Grundsätzlich schon. Das entbindet sie aber nicht von der Pflicht, die Rechte zu respektieren, die Herr Yücel nach türkischem Recht und nach völkerrechtlichen Menschenrechtsabkommen hat. Die Bundesregierung könnte konsularischen Schutz ausüben, was bei „Doppelstaatlern“aber schwierig ist. Denn die türkischen Behörden müssten dafür akzeptieren, dass Yücels deutsche Staatsangehörigkeit die vorherrschende ist, weil sein Lebensmittelpunkt in Deutschland liegt.
Wie kann dieser Schutz aussehen?
Die konsularischen und diplomatischen Mitarbeiter der deutschen Behörden in der Türkei könnten Kontakt zu Herrn Yücel aufnehmen und ihn in der Haft besuchen.
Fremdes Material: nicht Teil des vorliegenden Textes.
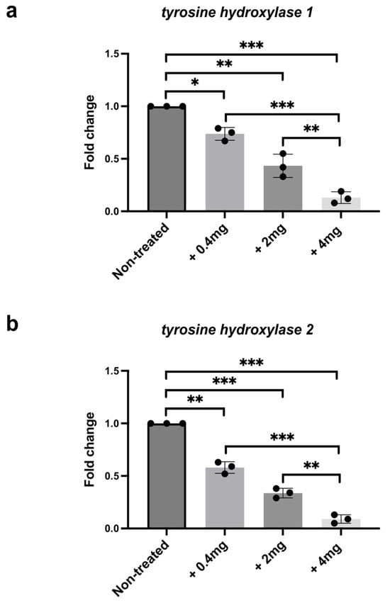 Previous studies have identified two tyrosine hydroxylase genes expressed in zebrafish: th1 and th2 []. We analyzed the transcript level of both genes in the brains of nickel-treated and untreated zebrafish. As shown in Figure 2, qPCR analysis reveals a dose-dependent decrease of th1 and th2 expression levels in the brains of treated zebrafish compared to the control ones (Figure 2a,b).
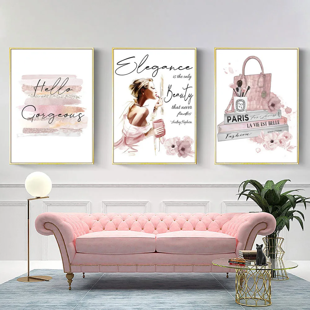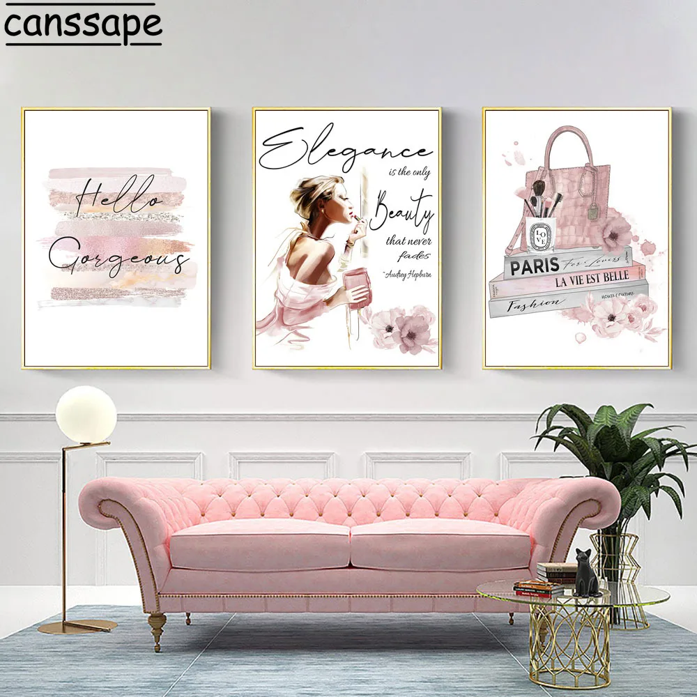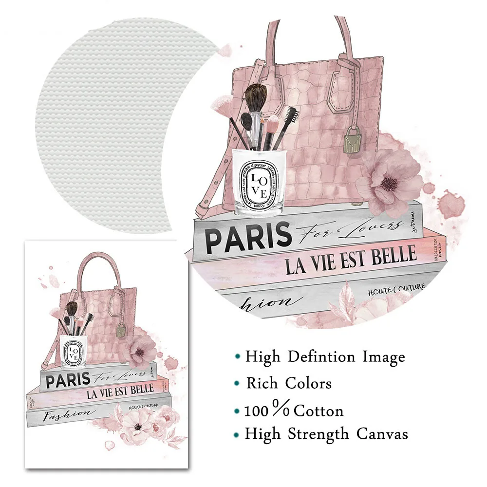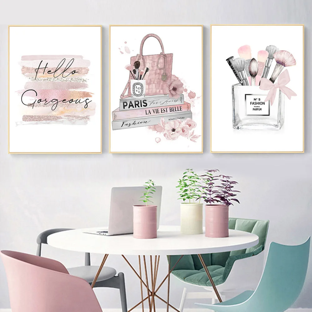 Розовая модная картина духов Парижские кисти макияж Холст Картина Vogue Book Nordic постер настенный художественный принт украшение для дома
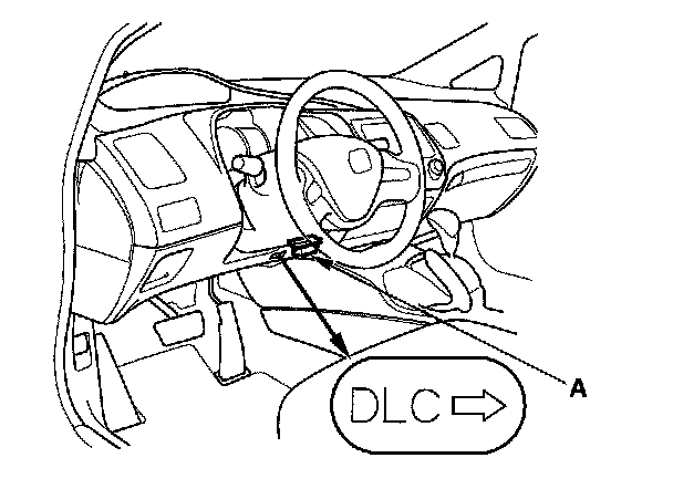 2. Connect the HDS to the data link connector (DLC) (A) located under the driver's side of the dashboard.
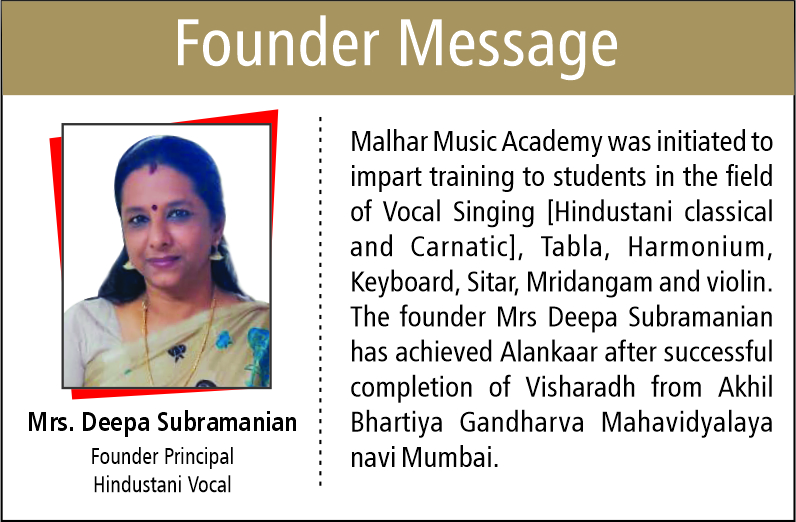 Malhar Music Academy Navi Mumbai was founded in the year 2010 on the auspicious Dussehra Day, and since then, the Academy has been training Students in Hindustani Classical Music. Malhar Music Academy is rendering training on Hindustani Classical Vocal, Tabla, Keyboard, Harmonium, Flute, Sitar to over 100 Students of age groups above 6 years, with the support of learned Faculty Members who are Visharadh and Alankar in their respective Genres. Malhar Music Academy follows the curriculum prescribed by Akhil Bhartiya Gandharva Mahavidyala. Children also give their respective Examinations from Gandharva Mahavidyalaya.

Da wird es jedoch fraglich sein, ob die türkische Seite das akzeptiert. Die weiteren Handlungsmöglichkeiten sind sehr gering. Die Bundesregierung kann darauf drängen, dass Yücel fair und rechtsstaatlich behandelt wird und ihn gegebenenfalls beim Gerichtsverfahren in der Türkei unterstützen. Aber sie hat keine konkrete Handhabe, um Yücel aus der türkischen Untersuchungshaft zu befreien.
Ist der konsularische Schutz im Endeffekt nicht mehr als „Händchenhalten“?
Der konsularische Schutz der Bundesregierung kann dazu führen, dass Yücel gut anwaltlich vertreten ist und er sein Recht auf ein faires Gerichtsverfahren wahrnehmen kann. Insofern ist es nicht nur „Händchenhalten“, sondern kann auch unterstützende Funktionen haben. Ein konstanter politischer Druck kann sich ebenfalls positiv auswirken. Vielleicht kommt die deutsche mit der türkischen Regierung so zu einer politischen Lösung, die ermöglicht, dass Yücel doch wieder ausreisen darf.
Die Untersuchungshaft in der Türkei kann bis zu fünf Jahre dauern. Ist das gerechtfertigt?
Das ist unverhältnismäßig. Es würde meiner Meinung gegen die Europäische Menschenrechtskonvention verstoßen, an die die Türkei gebunden ist. Eine fünf Jahre lange Untersuchungshaft kann im Einzelfall gerechtfertigt sein, ist es aber normalerweise nicht.